Screen print on Curtis Rag paper

Signed

Stamped by the Estate of Andy Warhol and the Andy Warhol Foundation for the Visual Arts

Presentation

Unique

Genre

Pop

Description

Mao Unique by Andy Warhol

Andy Warhol was an American artist who was a leading figure in the visual art movement known as pop art. Andy Warhol’s works explore the relationship between artistic expression, celebrity culture and advertisement that flourished by the 1960s. Warhol’s Marilyn and Andy Warhol’s Soup Cans are some of the most recognized and collectible of his artworks.

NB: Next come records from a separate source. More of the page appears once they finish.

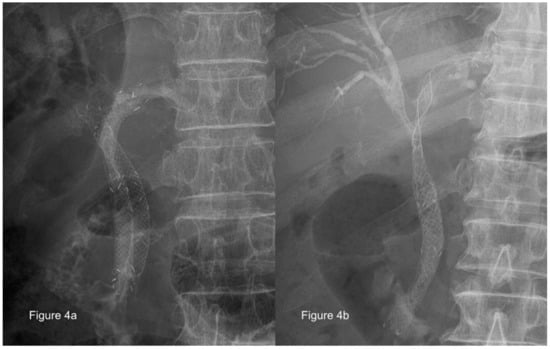 The evidence is still insufficient and no clear consensus has been reached regarding the benefits of unilateral versus bilateral drainage for hilar malignant obstruction, although the bilateral approach can be used by most experts using the SEMS stent-within-stent placement [,] with the newly designed Y-shaped devices, and this shows promising results [,]. These procedures can be performed using parallel [] (Figure 4a) or stent-in-stent [] (Figure 4b) deployment of SEMS, but not enough evidence is available to identify which method is preferable. Previous data have shown that draining 25% of the liver volume was sufficient to relieve jaundice []; however, a recent study indicated that patients who had liver volume drainage of >50% experienced greater jaundice relief than those who had a lower volume drained []. However, because the right lobe of the liver covers 55–60% of the liver volume, while the left and caudate lobes cover 30–35% and 10% of the liver volume, respectively [], draining >50% of the liver volume usually requires the use of bilateral stenting or multi-segmental stenting, depending on the individual patient’s anatomy.
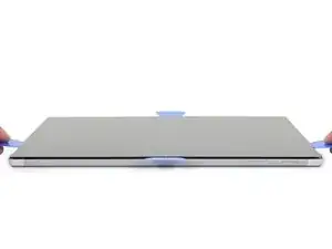 Проведите медиатор вдоль левого края Surface, чтобы разрезать клей экрана.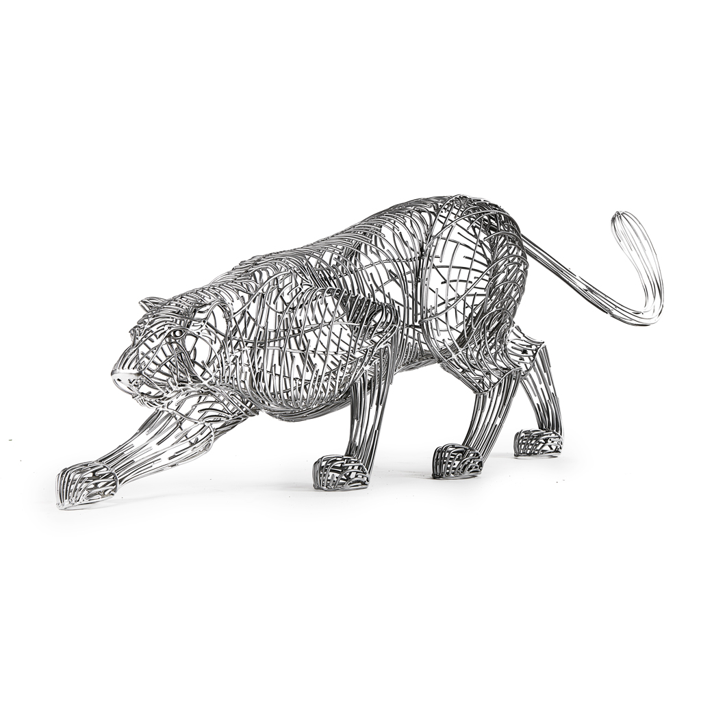 In the offered work, Scott, a Glasgow School of Art graduate who has earned commissions for sites across the globe, turns his attention to rendering a more traditionally glamourous and elegant animal, the panther. He utilises his distinctive approach to manipulating galvanised steel on a more domestic scale, while maintaining the presence and structural transparency that he is known for.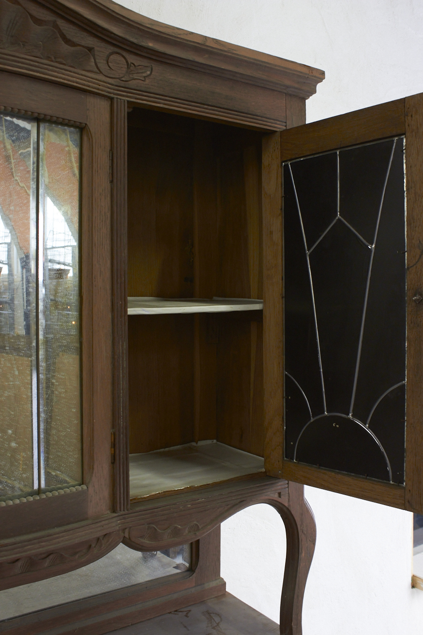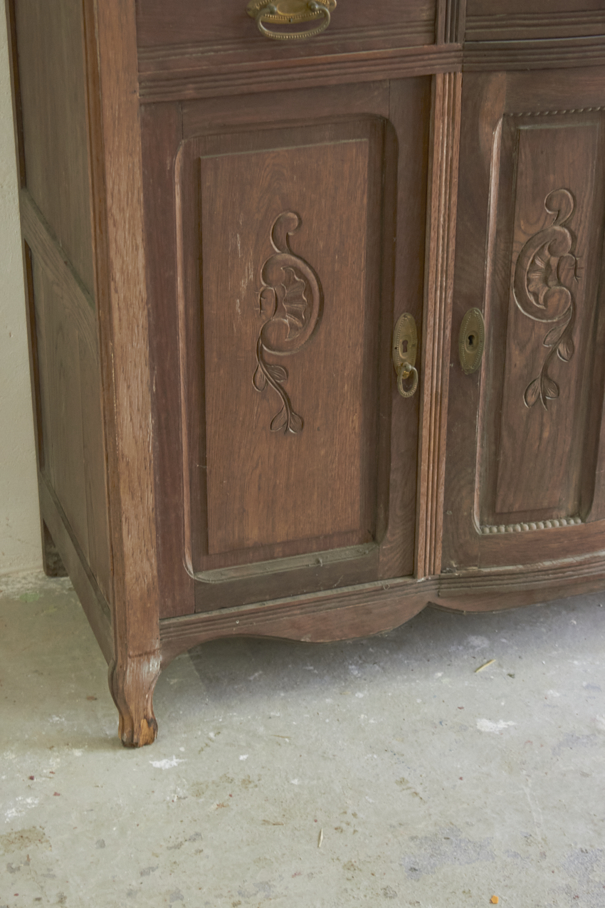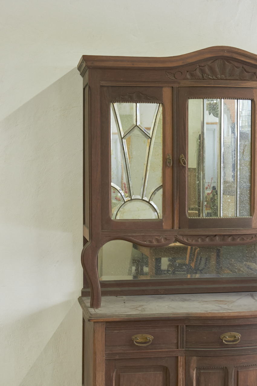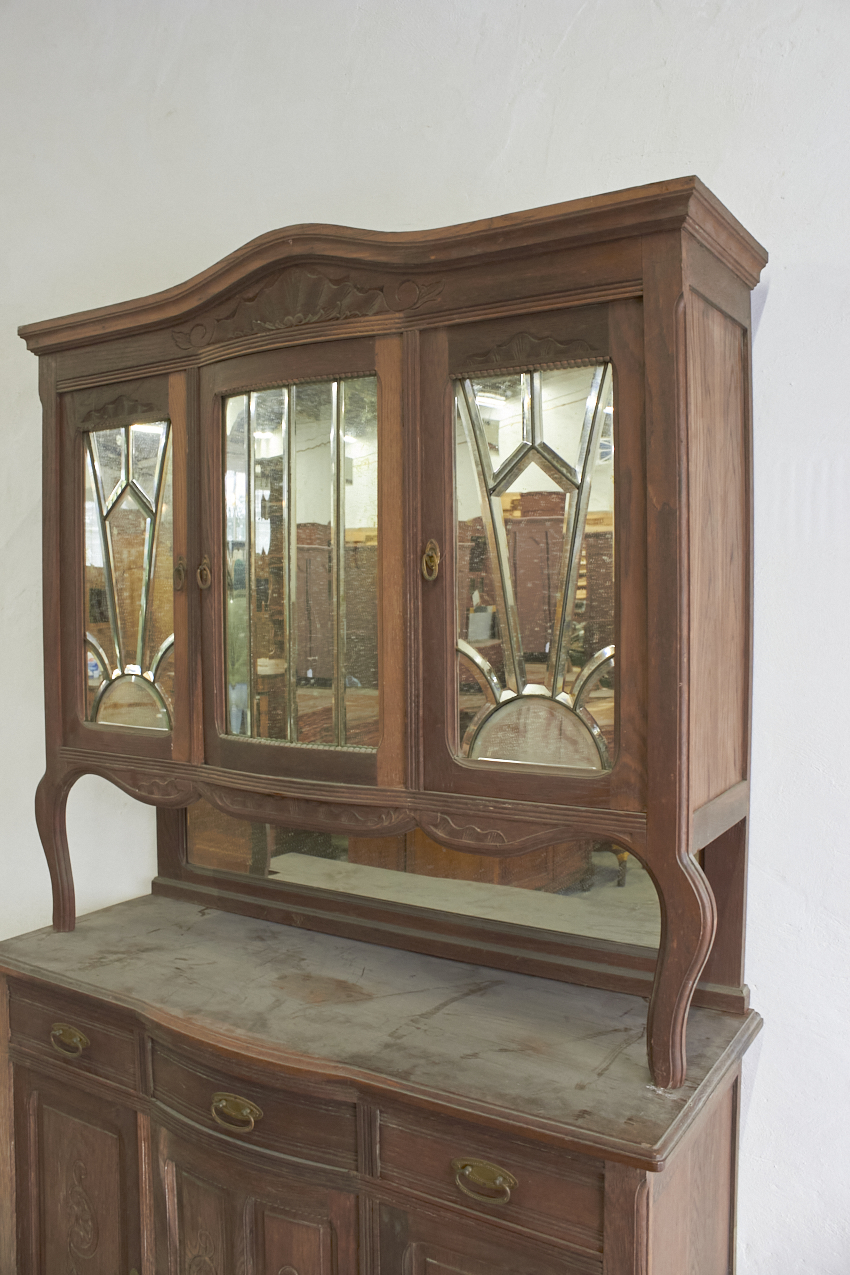 Een prachtig, vintage commode en of buffetkast, die op dit moment in onze opslag staat. Echt perfect voor op de babykamer, je kan de onderkant eerst als commode gebruiken. Vroeger heeft deze gediend als buffetkast, en de bovenkant is ook nog aanwezig. En deze is uitzonderlijk mooi met spiegels.

Obsessed with celebrity, consumer culture, and mechanical (re)production, Pop artist Andy Warhol created some of the most iconic images of the 20th century. As famous for his quips as for his art—he variously mused that “art is what you can get away with” and “everyone will be famous for 15 minutes”—Warhol drew widely from popular culture and everyday subject matter, creating works like his 32 Campbell’s Soup Cans (1962), Brillo pad box sculptures, and portraits of Marilyn Monroe, using the medium of silk-screen printmaking to achieve his characteristic hard edges and flat areas of color. Known for his cultivation of celebrity, Factory studio (a radical social and creative melting pot), and avant-garde films like Chelsea Girls (1966), Warhol was also a mentor to artists like Keith Haring and Jean-Michel Basquiat. His Pop sensibility is now standard practice, taken up by major contemporary artists Richard Prince, Takashi Murakami, and Jeff Koons, among countless others.

American, 1928–1987, Pittsburgh, Pennsylvania, based in New York, New York.